■ EXERCISE DETAILS: Write out exactly the lines below from the one containing "Iris & Lilly" to the last, both ends kept, and nothing more; skip all pictures.
○ ○ ○
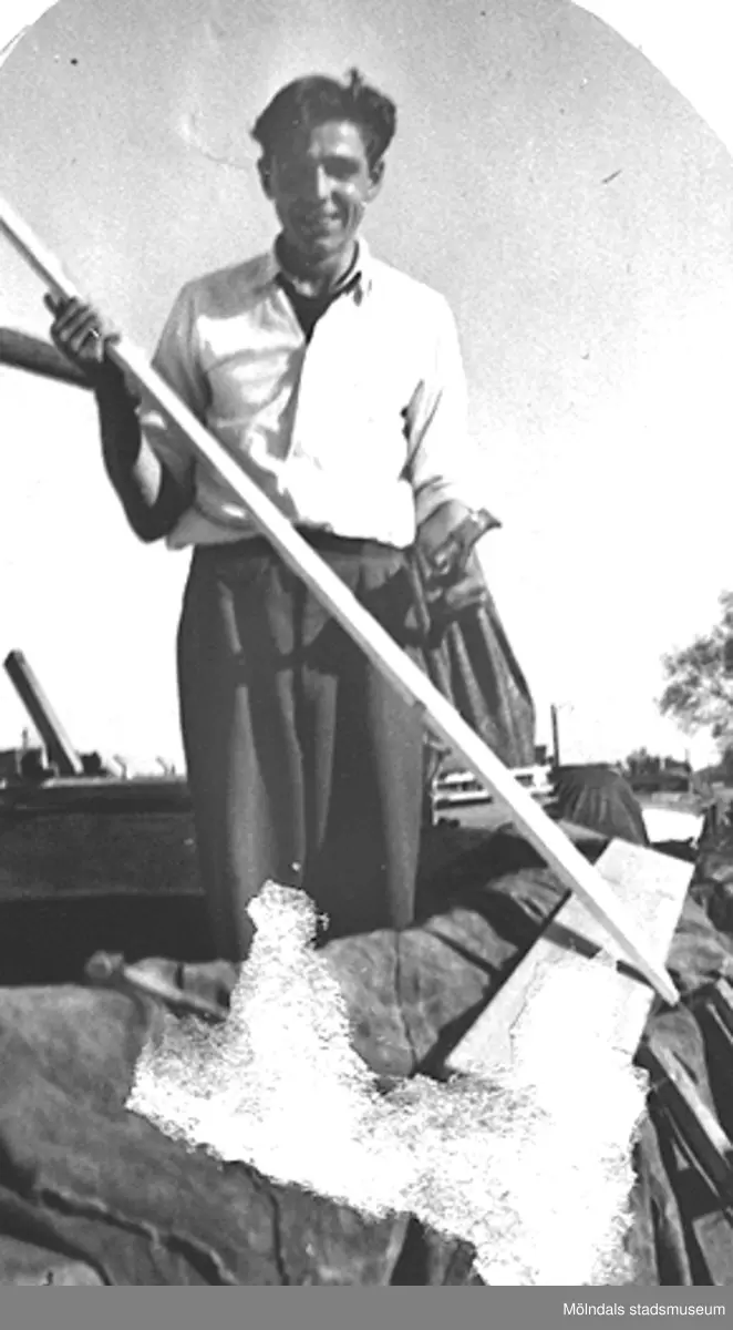 En man står i en båt på Fattighusån (mellan Stampgatan och Ullevigatan i Göteborg), 1950-tal. Givaren Roland Segerstam var med i Mölndals Motorbåtsklubb i många år under 1950 - 60-talen. De hade ett litet båtvarv och hamn intill lilla bron (i närheten av Mölndals sjukhus) vid Mölndalsån.
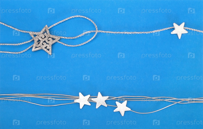 Традиционный рождественский синий фон с серебряными лентами и звездами для приветственных букв / объявлений
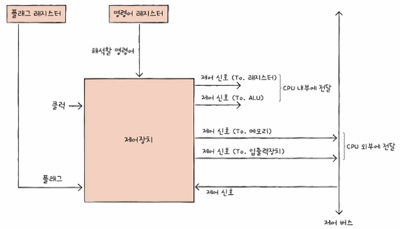 - 제어장치는 기본적으로 제어신호를 내보내게 되는데 CPU내부 (ex 레지스터, ALU) 에 전달하는 제어신호와 CPU외부 (ex메모리, 입출력장치) 에 전달하는 제어신호가 있다.
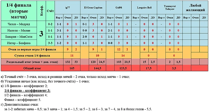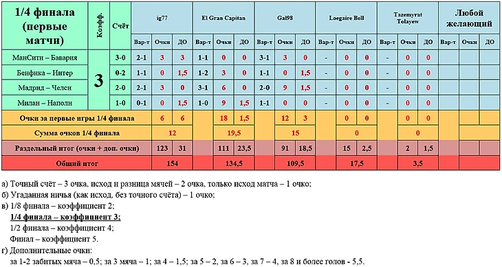 Итоги 1/4 финала -
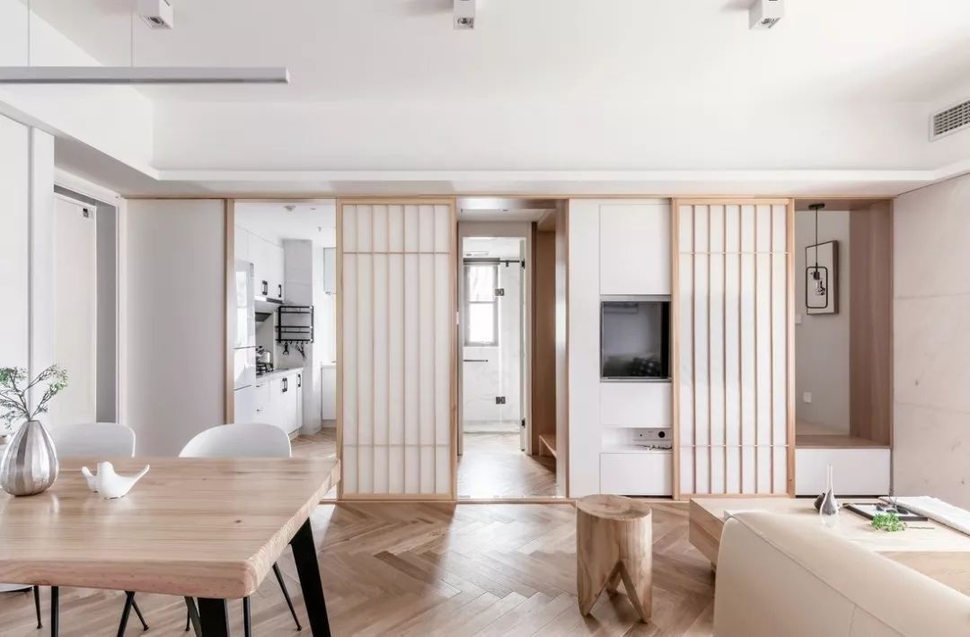 ▲這是一款隔斷式電視墻,顧名思義,既充當(dāng)隔斷,劃分了區(qū)域,還滿足了電視墻的功能,懸掛電視方便日常使用,再者就是多以半截的方式出現(xiàn),這樣還不影響,室內(nèi)的通透性,在居室當(dāng)中,還算是不錯的設(shè)計(jì)呢。這款原木色隔斷式電視墻,迎合室內(nèi)裝修,溫潤美觀。
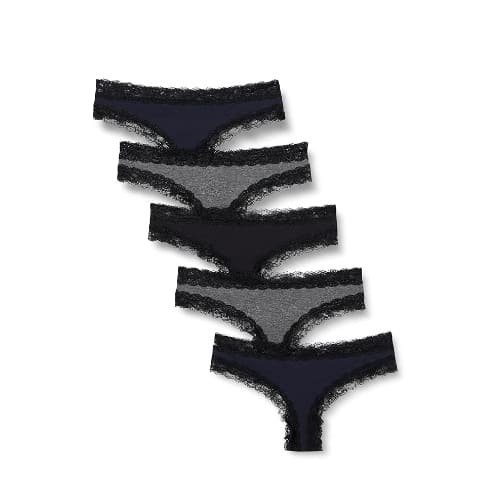 Iris & Lilly Women's Cotton Thong Panty with Lace (5-Pack)
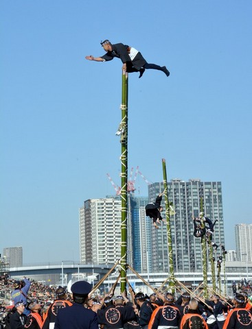 برنامه سالانه نمایش آتش نشانان شهر توکیو در بالا رفتن از چوب های بامبو
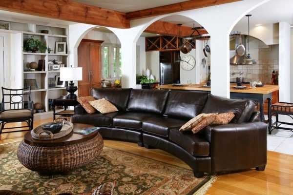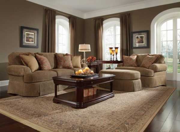 Дизайн мягкой мебели должен быть продолжением интерьерной задумки зала. Плавные формы и бархатная или велюровая обивка украсят интерьер неоклассика и будут смотреться стильно. Прямые линии и однотонная бежевая обивка подойдут для оформления современного и лофт интерьера.
○ ○ ○
■ PROBLEM SOLUTION:
 Iris & Lilly Women's Cotton Thong Panty with Lace (5-Pack)
 برنامه سالانه نمایش آتش نشانان شهر توکیو در بالا رفتن از چوب های بامبو
 Дизайн мягкой мебели должен быть продолжением интерьерной задумки зала. Плавные формы и бархатная или велюровая обивка украсят интерьер неоклассика и будут смотреться стильно. Прямые линии и однотонная бежевая обивка подойдут для оформления современного и лофт интерьера.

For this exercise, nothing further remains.